Tokarev carefully jettisoned the SuitSat-1 in much the same way McArthur 
jettisoned the Floating Potential Probe experiment during their November 
spacewalk. He pushed it away at about a 30-degree angle upward and about 
10 degrees to the left of the back of the station.

After the spacesuit jettison, the crew relocated a boom adapter for the 
Strela, a Russian hand-operated crane, from the Zarya module to 
Pressurized Mating Adapter 3. That was done to clear the Zarya area for 
temporary stowage of protective debris panels for the Zvezda Service 
Module, to be delivered on STS-116.

Next the spacewalkers spent over an hour on a safing task at the mobile 
transporter, which can provide a base for the station's robotic arm for 
movement along the rails on the orbiting laboratory's main truss.

On Dec. 16 one of two trailing umbilical system cables providing power, 
data and video was severed by a device designed to cut the umbilical 
should it become jammed.
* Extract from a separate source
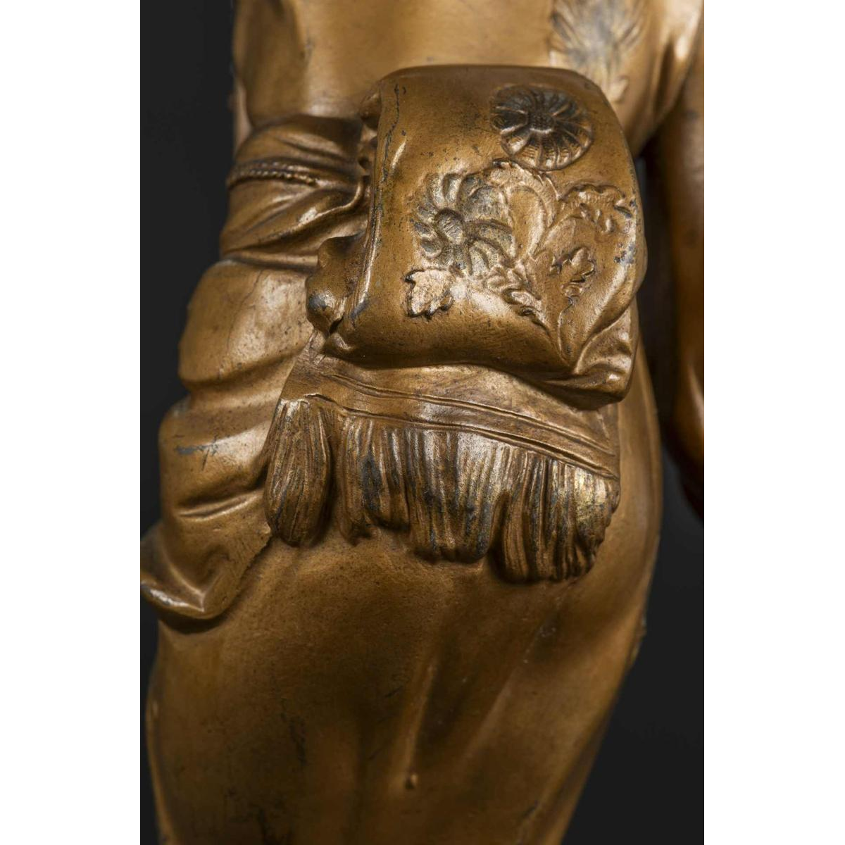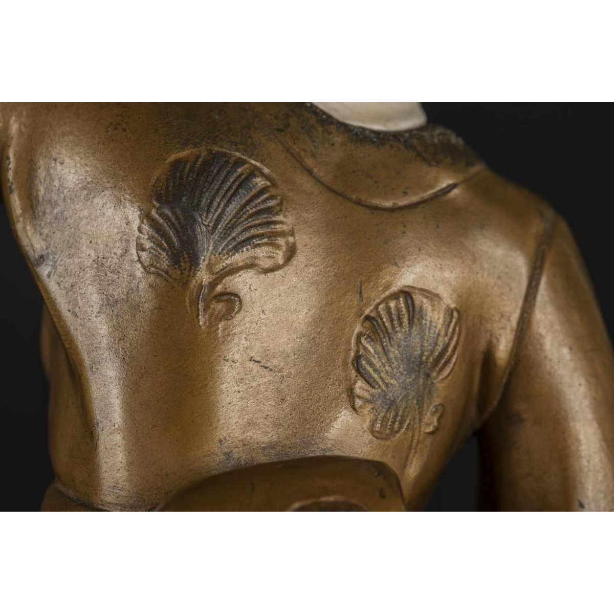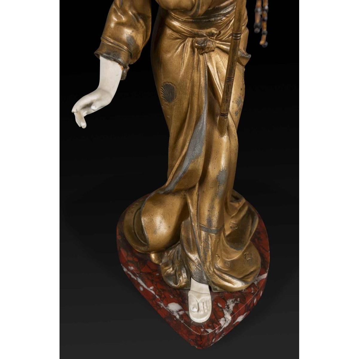 The sculpture is made from gilded regula and porcelain bisque. The feet, hands, arms, head and theatrical masks are meticulously crafted in biscuit porcelain, evoking the delicate style of chryselephantine works. The kimono, draped with remarkable finesse, is adorned with elaborate engravings that testify to the excellence of the craftsmanship.

A second cable provides the same links to the 
mobile transporter. Tokarev and McArthur partly inserted a bolt and then 
wire-tied a cable to eliminate the risk of uncommanded cutting of that 
second, intact cable.

To replace the severed cable, a new umbilical assembly is scheduled to 
be installed during Discovery's STS-121 mission to the station.

Back on the hull of the Zvezda service module, spacewalkers retrieved 
the Biorisk experiment, which looks at microorganisms in space. 
Subsequently they photographed a sensor for a Russian Micrometeoroid 
Measuring System.

Tokarev and McArthur inspected and/or photographed several areas on 
Zvezda's exterior, including thrusters and nearby areas. They 
photographed a ham radio antenna and a fuel drain outlet pipe.

The spacewalkers inspected their suits, wiped off suit gloves and then 
jettisoned the towels before re-entering Pirs and closing its hatch.

This was the second spacewalk for Tokarev and the fourth for McArthur.